Kenmerken van Windows Azure Virtual Machine
Als u naar de CPU-eigenschappen kijkt op het tabblad Prestaties in Taakbeheer van Windows Server 2012 R2 (in Afbeelding 1 en Afbeelding 2), zult u merken dat het rapporteert dat het een relatief oude, 45nm AMD Opteron 4171 HE-processor gebruikt, die draait op een snelheid van 2,1 GHz. Deze specifieke processor met zes kernen werd in juni 2010 geïntroduceerd als onderdeel van de Lissabon-familie met twee sockets. Het HE-achtervoegsel betekent dat het een "low-powered" energie-efficiënt model is dat geen goede keuze is voor SQL Server-gebruik, omdat het een aanzienlijke hoeveelheid prestaties inlevert voor een relatief kleine hoeveelheid verminderd energieverbruik. Na wat speurwerk is mij verteld dat deze processor een speciale OEM-processor is voor Microsoft-datacenters.

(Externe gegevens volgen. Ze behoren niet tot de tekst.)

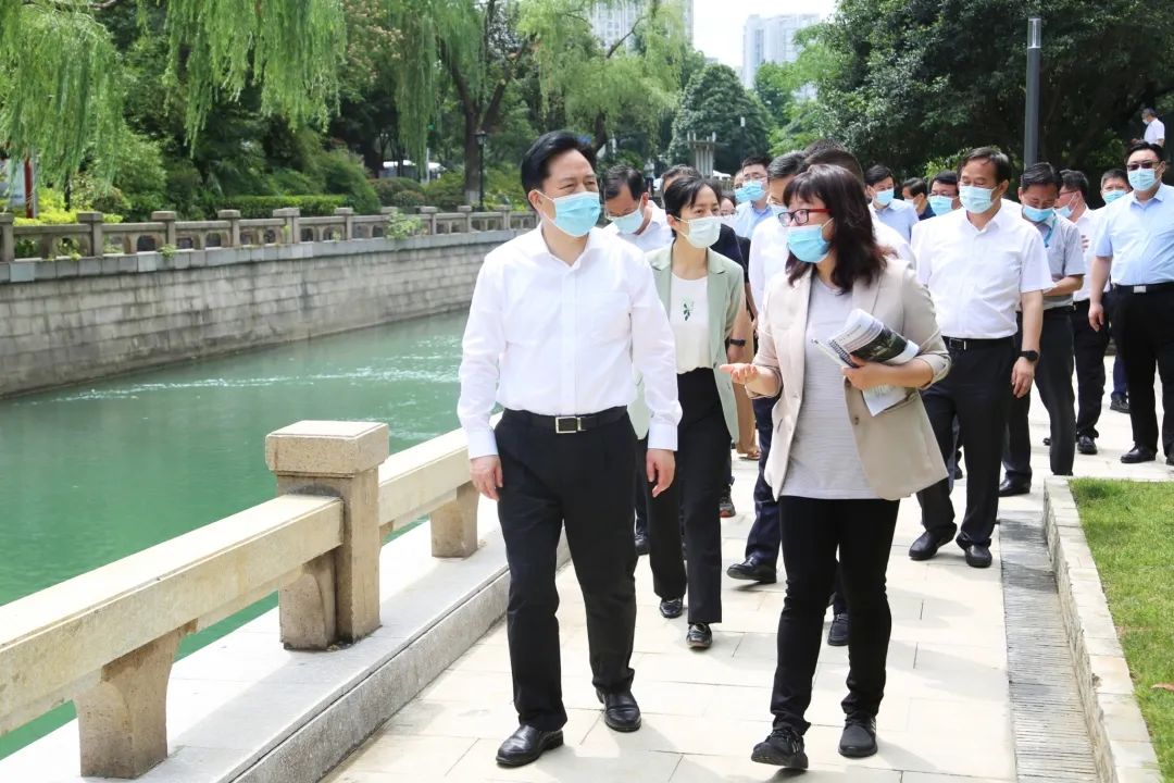 陈金虎、盛蕾一行首先来到水韵绿城项目现场。项目东起东关河弄,西至晋陵路,全长约2.8公里,整合人行空间、林下空间、滨水空间,激发关河沿线新活力,打造生态环境优美、配套设施齐全、慢行系统畅通的滨水绿廊。陈金虎、盛蕾来到已经完成的小东门桥—新丰桥段,详细了解项目建设情况,强调要“水、岸、城”三位一体相结合,河两岸协同推进,同时要注重灯光亮化美化,全力打造“水清、岸绿、景美”的滨河绿地景观,把老城厢打造成最有温度、人人向往的人居首选地。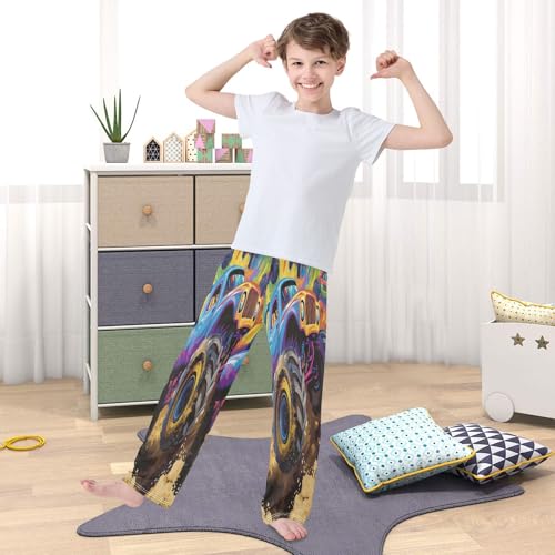 Colorful Monster Trucks Cartoon Lounge Pajama Pants Soft PJ Bottoms for Sleepwear Ages 6-14 Years 4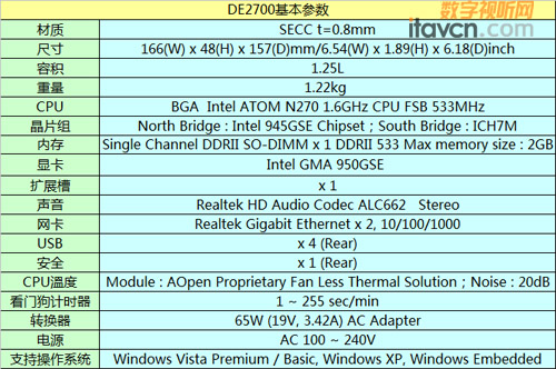 AOpen DE2700的數字告示播放器主機內部,采用了Intel ATOM N270 處理器,主頻為1.6GHz ,搭配Intel 945GSE Chipset主板芯片組,2GB DDR2的內存以及集成Intel 945GSE Chipset顯卡?偟膩碚f這樣配置雖不高端,不過勝在均衡合理,基本能夠滿足大部分數字告示系統的應用。

Figuur 1:Basic A0 virtuele machine in gegevens uit Oost-V.S. Midden
Figuur 2:Standaard A7 virtuele machine in gegevens uit Oost-V.S. Midden
Het andere grote probleem met deze processor, naast zijn leeftijd en relatief slechte single-threaded prestaties, is het feit dat hij slechts zes fysieke kernen heeft. Dit is een probleem met de VM-grootten Basic A4, Standard A4 en Standard A7, die twee NUMA-knooppunten en acht totale fysieke kernen hebben. Dit zou betekenen dat een VM van die grootte een NUMA-knooppunt op de onderliggende fysieke host zou passeren, wat geen goed idee is voor de geheugenprestaties. Ik kan moeilijk geloven dat Microsoft dit expres zou doen. Ik kan ook moeilijk geloven dat elke afzonderlijke Azure-VM in elk afzonderlijk datacenter dat ik tot nu toe heb geprobeerd, exact dezelfde oudere AMD-processor gebruikt. Het is vrij algemeen bekend dat Microsoft ten minste drie verschillende generaties hardware heeft (Gen 1, Gen 2 en Gen 3) die ze tot nu toe hebben gebruikt in hun Azure-datacenters, met verschillende VM-prestaties. Na wat meer navraag heb ik ontdekt dat deze AMD Opteron 4171 HE-processor een Azure Gen 2-processor is.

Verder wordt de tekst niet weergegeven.